Hagg Nadeem! The name was legendary. Blake had often heard tales of the mysterious head of Cairo's secret police, reputed not only to be an ulema, a Moslem holy man learned in ed din, the faith of Al Islam, and a hagg who had made the holy pilgrimage, but an Oxford graduate, well versed in the arts and sciences of the occident, and a descendent of an ancient line of Egyptian magicians who had communicated their esoteric knowledge from father to son since before the days of Mena, the first pharaoh.
He had regarded many of the tales of this man's exploits as pure fabrication—utterly preposterous—and the man himself as a myth. Now he stood before him in the flesh, suave and smiling.
Blake returned his infectious smile.
"I've heard of you, Hagg Nadeem," he said. "I'm Ralph Blake, bug hunter."
"And I've heard of your brilliant work as a microbiologist, doctor," replied the hagg. "Will you join me in a spot of refreshment? There is a cafe nearby."
"I'll be delighted," Blake replied.
They rounded the corner of the next side street, and the Egyptian led the way into a crowded, smoke-filled cafe, where a Moghrebi dancing girl swayed and wiggled her well-rounded curves to the wailing of hautboys, and strumming oudhs, the rattle of tambors, and the throbbing of small drums.
The patrons of the place, Blake noticed, were mostly natives, many of them smoking bubbling shishas and sipping small cups of black, syrupy coffee.
"A table for two, Ali," Hagg Nadeem told the obsequious head waiter. "And send Husayn."
Ali seated them on a cushioned divan behind a small circular table, and hurried to summon the proprietor, who lost no time in coming.
"My poor place is honored, ya hagg," he said. "What is your pleasure?"
"Coffee for me.
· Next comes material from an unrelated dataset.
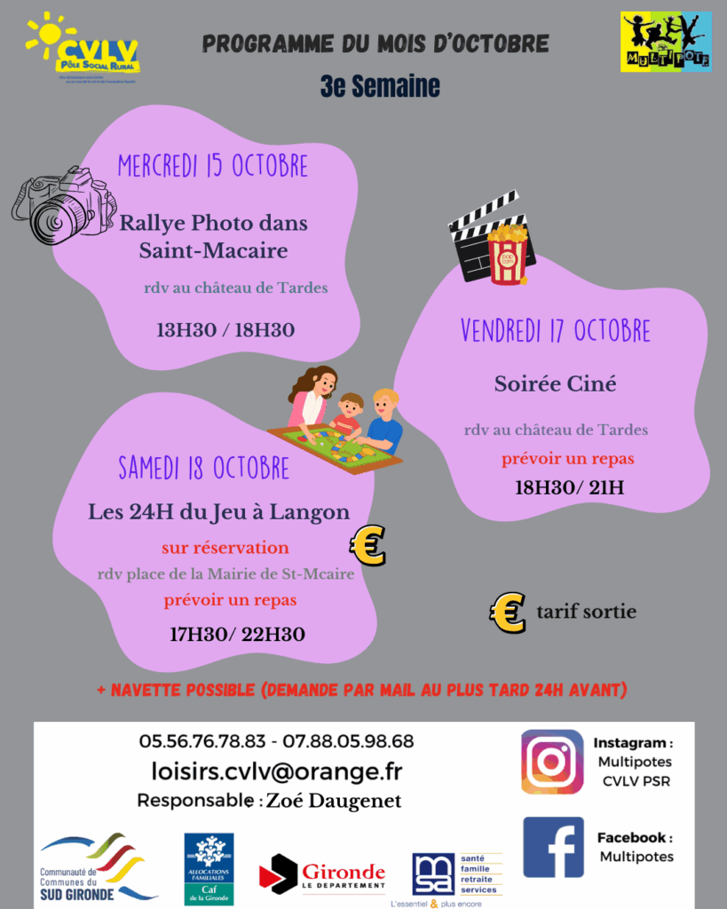 Il suffit d’envoyer un mail à loisirs.cvlv@orange.fr . Ainsi nous vous confirmerons s’il y a des places libres et donnerons le coût total de l’inscription qu’il faudra payer en amont.

For my friend, perhaps, something stronger?"
He looked inquiringly at Blake.
"A double arak, neat," Blake replied.
Hagg Nadeem proffered a curiously carved ivory cigarette case, yellow with age and obviously a valuable antique.
Blake took a cigarette. Hagg Nadeem followed his example, and a watchful waiter quickly held a light to each.
A moment later, the proprietor himself came up followed by two more waiters, one bringing the coffee, the other the arak.
Blake poured four fingers of the powerful anise-flavored date brandy, and tossed it off neat. A pleasant glow went through him as he splashed more of the clear, colorless liquor into the tall glass.
"I needed that one," he told the hagg. "Now I'm ready to dawdle over the next in the approved fashion."
"I quite understand," smiled Hagg Nadeem. "A brave man faces danger without flinching, but once it is past there is a reaction."
While the hagg talked, Blake suddenly felt a peculiar sensation come over him. At first he felt as if he were shrinking to infinite smallness, while the smiling, bearded face beside him assumed gigantic proportions. The next instant, it seemed that it was he who was swelling to incredible size, that the hagg was scarcely larger than a mosquito, and had receded very far away.
Blake was not a toxicologist, but he knew the symptoms. Bangh, the subtle oriental drug that changes and distorts the senses! He had been doped either by the cigarette or the drink.
He clutched the table, tried to rise. But the cloth came away in his hands, spilling coffee and liquor. He sank back, inert, as consciousness left him.